Here is an example of the description for a successful authentication event (Source: IAS, Event ID: 1):
User firstname.lastname@example.org was granted access. Fully-Qualified-User-Name = example.com/Users/Client NAS-IP-Address = 10.7.0.4 NAS-Identifier = <not present> Client-Friendly-Name = Building 7 Wireless AP Client-IP-Address = 10.7.0.4 NAS-Port-Type = Wireless-IEEE 802.11 NAS-Port = 6 Policy-Name = Wireless Remote Access Policy Authentication-Type = EAP EAP-Type = Smart Card or other Certificate
Failed authentication events are Source: IAS, Event ID: 2.
Viewing the authentication attempts in this log is useful in troubleshooting remote access policies. When you have multiple remote access policies configured, you can use the system event log to determine the name of the remote access policy that either accepted or rejected the connection attempt (see Policy-Name in the event description). Enabling IAS event logging and reading the text of IAS authentication events in the system event log is the most useful tool for troubleshooting failed IAS authentications.
You can use Network Monitor, available in the Microsoft Systems Management Server or the Windows 2000 Server and Windows Server 2003 families, or a commercial packet analyzer (also known as a network sniffer), to capture and view RADIUS authentication and accounting messages that are sent to and from the IAS server. Network Monitor includes a RADIUS parser, which you can use to view the attributes of a RADIUS message and troubleshoot connection issues.
Windows Server 2003 has an extensive tracing capability that you can use to troubleshoot complex problems for specific components. You can enable the components in Windows Server 2003 to log tracing information to files using the Netsh command for specific components or for all components. To enable and disable tracing for a specific component, use the following syntax:
netsh ras set tracing Component enabled|disabled
where Component is a component in the list of components found in the registry under HKEY_LOCAL_MACHINE\SOFTWARE\Microsoft\Tracing. For example, to enable tracing for the IASRAD component, the command is:
netsh ras set tracing iasrad enabled
Although, you can enable tracing for individual components, it is typically more useful to enable tracing for all components at once, and then look through the log files that begin with "IAS" and the Rastls.log file.

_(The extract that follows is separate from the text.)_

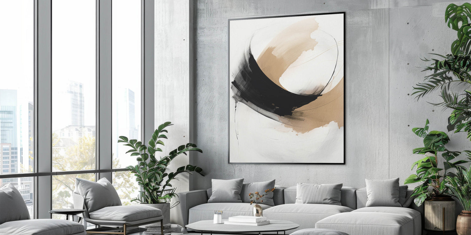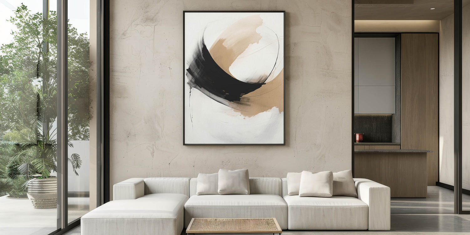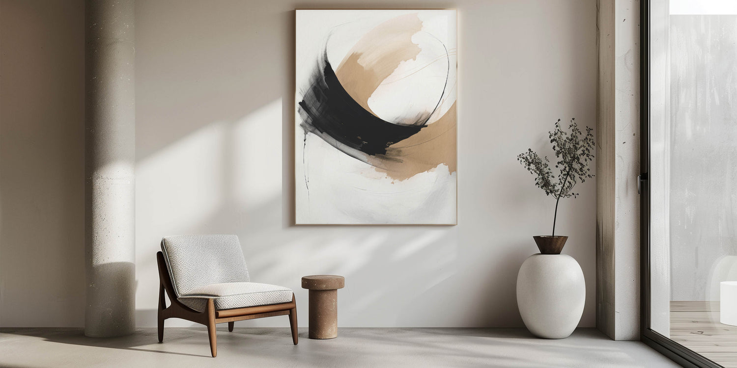 Make a statement in your living space with this striking piece of modern abstract wall art. This artwork features a bold contrast of deep black and warm beige tones, brought together in a dynamic, sweeping minimalist design. The fluid, curved strokes create a sense of movement and energy, making this piece an eye-catching addition to any contemporary or modern interior.
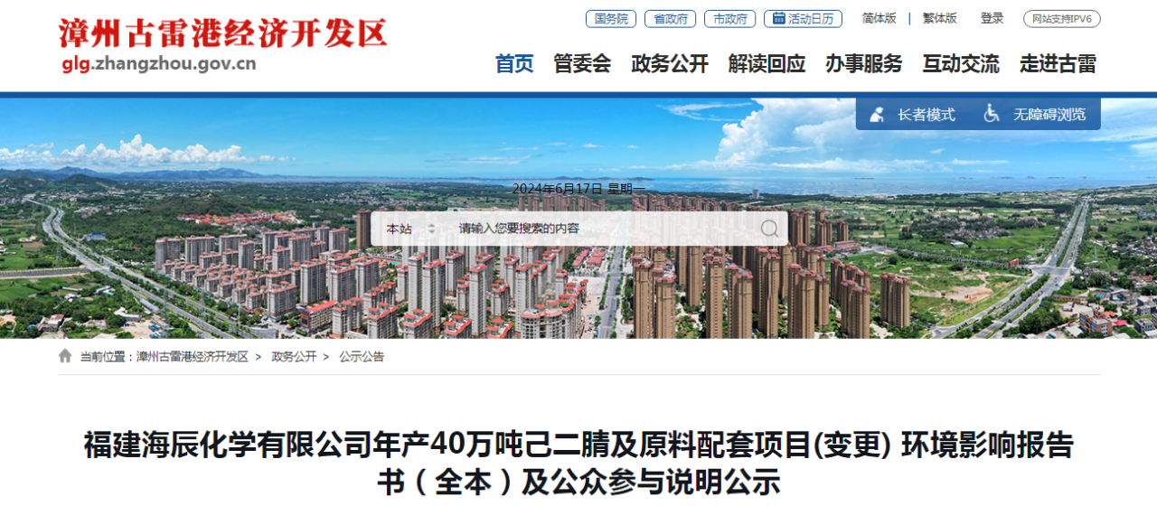 6月14日,漳州古雷開發(fā)區(qū)管委會(huì)發(fā)布公告,對(duì)福建海辰化學(xué)有限公司年產(chǎn)40萬(wàn)噸己二腈及原料配套項(xiàng)目(變更) 環(huán)境影響報(bào)告書(全本)及公眾參與說(shuō)明進(jìn)行公示。

To enable tracing for all components, use the following command:
netsh ras set tracing * enabled
To disable tracing for all components, use the following command:
netsh ras set tracing * disabled
The log files that are generated are stored in the Systemroot\tracing folder.
Tracing consumes system resources and should be used sparingly to help identify network problems. After the trace is captured or the problem is identified, you should immediately disable tracing. Do not leave tracing enabled on multiprocessor computers.
You can use the Simple Network Management Protocol (SNMP) Service to monitor status information for your IAS server. IAS supports the RADIUS Authentication Server MIB (RFC 2619) and the RADIUS Accounting Server MIB (RFC 2621).
System Monitor Counters
You can use System Monitor to monitor the resource use of specific components and program processes. With System Monitor, you can use charts and reports to determine how efficiently your server uses IAS and both identify and troubleshoot potential problems.
You can use System Monitor to monitor the following IAS-related performance objects:
IAS Accounting Client
IAS Accounting Server
IAS Authentication Client
IAS Authentication Server
Troubleshooting IAS Authentication and Authorization
To troubleshoot the most common issues with IAS authentication and authorization, verify the following:
The wireless AP can reach the IAS servers.
To test this, try to ping the IP address of the wireless AP's uncontrolled port from the IAS servers. Additionally, ensure that IPsec policies, IP packet filters, firewalls, and other mechanisms that restrict network traffic are not preventing the exchange of RADIUS messages (UDP ports 1812 and 1813) between the wireless AP and its configured IAS servers.
Each IAS server/wireless AP pair is configured with a common shared secret.
If you are using a third party certification authority, verify that the IAS server can reach Internet resources to perform certificate revocation checking for its own computer certificate and wireless client certificates. For more information, see the "Using a Third-Party CA" section of Deployment of Protected 802.11 Networks Using Microsoft Windows.
The IAS servers can reach a Global Catalog server and an Active Directory domain controller.
The computer accounts of the IAS servers are members of the RAS and IAS Servers group for the appropriate domains.
The user or computer account is not locked out, expired, disabled, or that the time the connection is being made corresponds to the permitted logon hours.
The user account has not been locked out by remote access account lockout.
Remote access account lockout is an authentication counting and lockout mechanism designed to prevent an online dictionary attack against a user's password. For more information, see "Remote Access Account Lockout" in the “Internet Authentication Service for Windows 2000" white paper.
The connection is authorized. For authorization, the parameters of the connection attempt must:
Match all of the conditions of at least one remote access policy.
Be granted remote access permission through the user or computer account (set to Allow access), or if the user or computer account has the Control access through Remote Access Policy option selected, the remote access permission of the first matching remote access policy must have the Grant remote access permission option selected.
Match all the settings of the profile.
Match all the settings of the dial-in properties of the user or computer account.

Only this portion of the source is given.